Feudalism refers to an organized system of ownership of land that was popularly used during the Middle Ages. Under this system, all of the kingdom’s lands belong to the king, but can be given to nobles or “lords” that served and fought for the royalty. These pieces of lands that were given to lords are also known as manors, and the lords may also give some of it to their vassals. In exchange for the pieces of land called fiefs, the vassals are required to perform duties for their lords.

Although the system of feudalism is popular in European countries, this is actually implemented even in other places such as India, Ancient Egypt, South America (19th century), and Parthian empire. In this system, the taxes are paid in the form of services and products, rather than money. For instance, the vassals are required to give a certain share of their crops to the nobles during the harvest season. Additionally, it is also the vassals who will grind the harvested grains in the granaries that were also owned by the lords. Once the grains were grounded, a part of it must also be given to the nobles. In exchange for these products and services rendered by the vassals, the nobles will provide them with protection and ensure peace.

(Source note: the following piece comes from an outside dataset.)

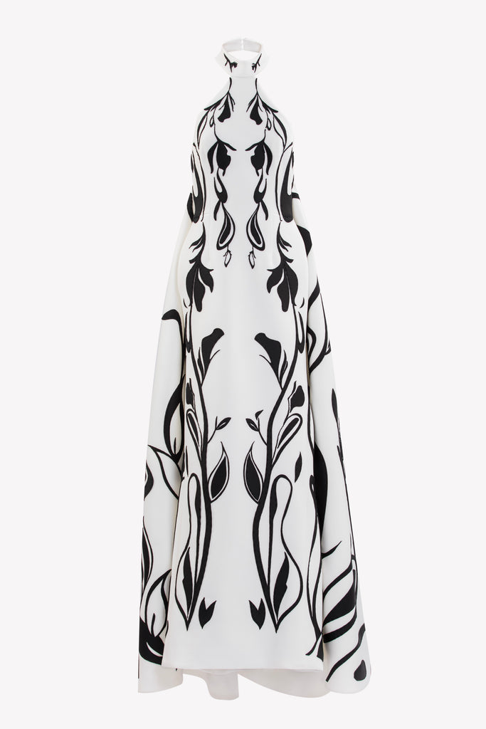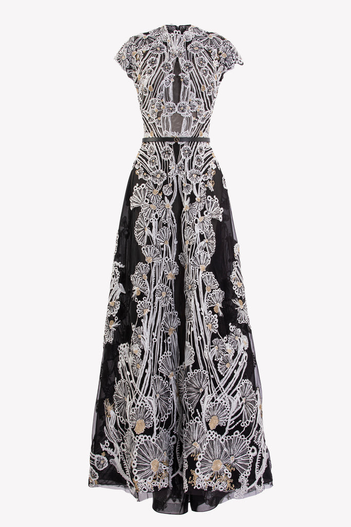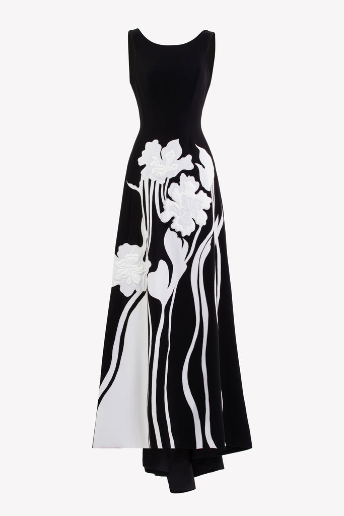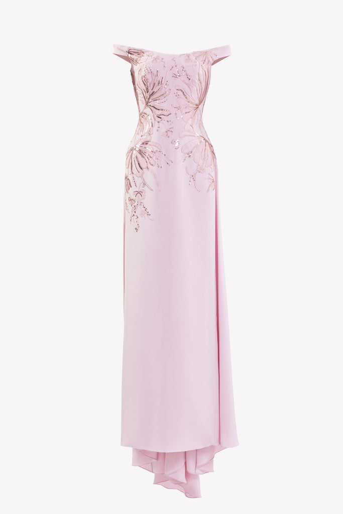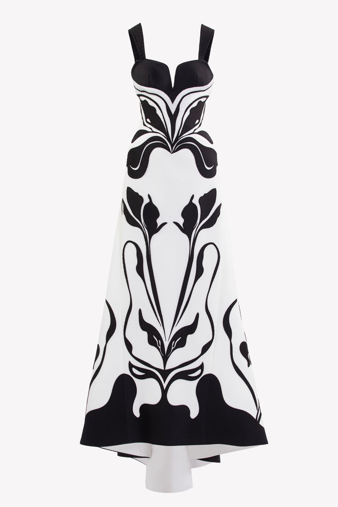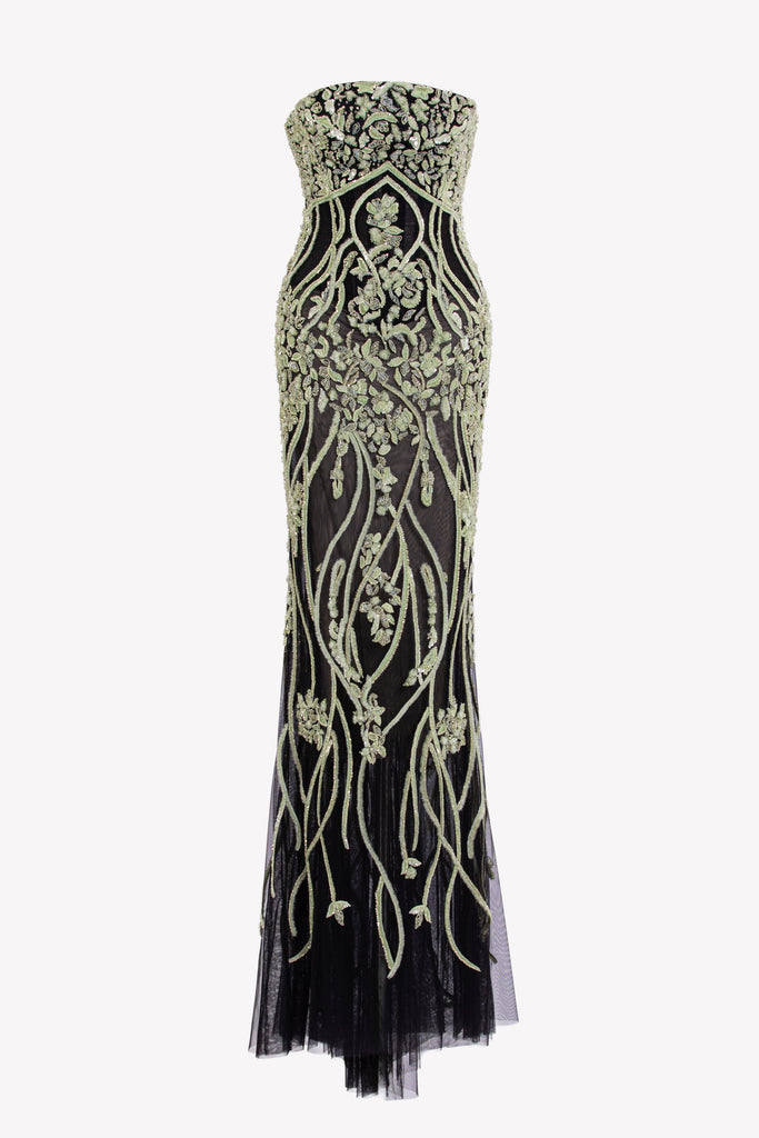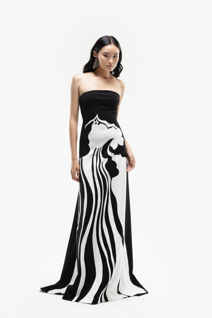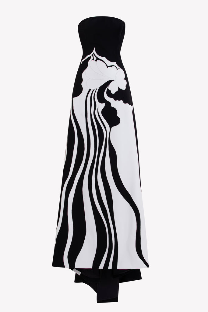 Reed crepe georgette jumpsuit with a strapless sweetheart neckline and fitted bodice, embellished with colorful dandelion-inspired embroidery, designed in a fluid floor-length silhouette and paired with a matching neck scarf.

Complete ownership of manors belongs to the lords, who pass it from generation to generation. Each manor is composed of a village, mills, church, lands used for pasture, and wine press. The lords allow servants to live in their manors and also provide them with food, but they do not pay these people for the services rendered.

In the system of feudalism, there are also classes called villein and serfs (slaves). Compared to the serfs, the villein is more free. However, he could not marry or move away from the manor lands without permission from the lords. Lastly, there are also some ways by which serfs and villeins could become free men. One way is by escaping from the manor land, and another by buying their freedom.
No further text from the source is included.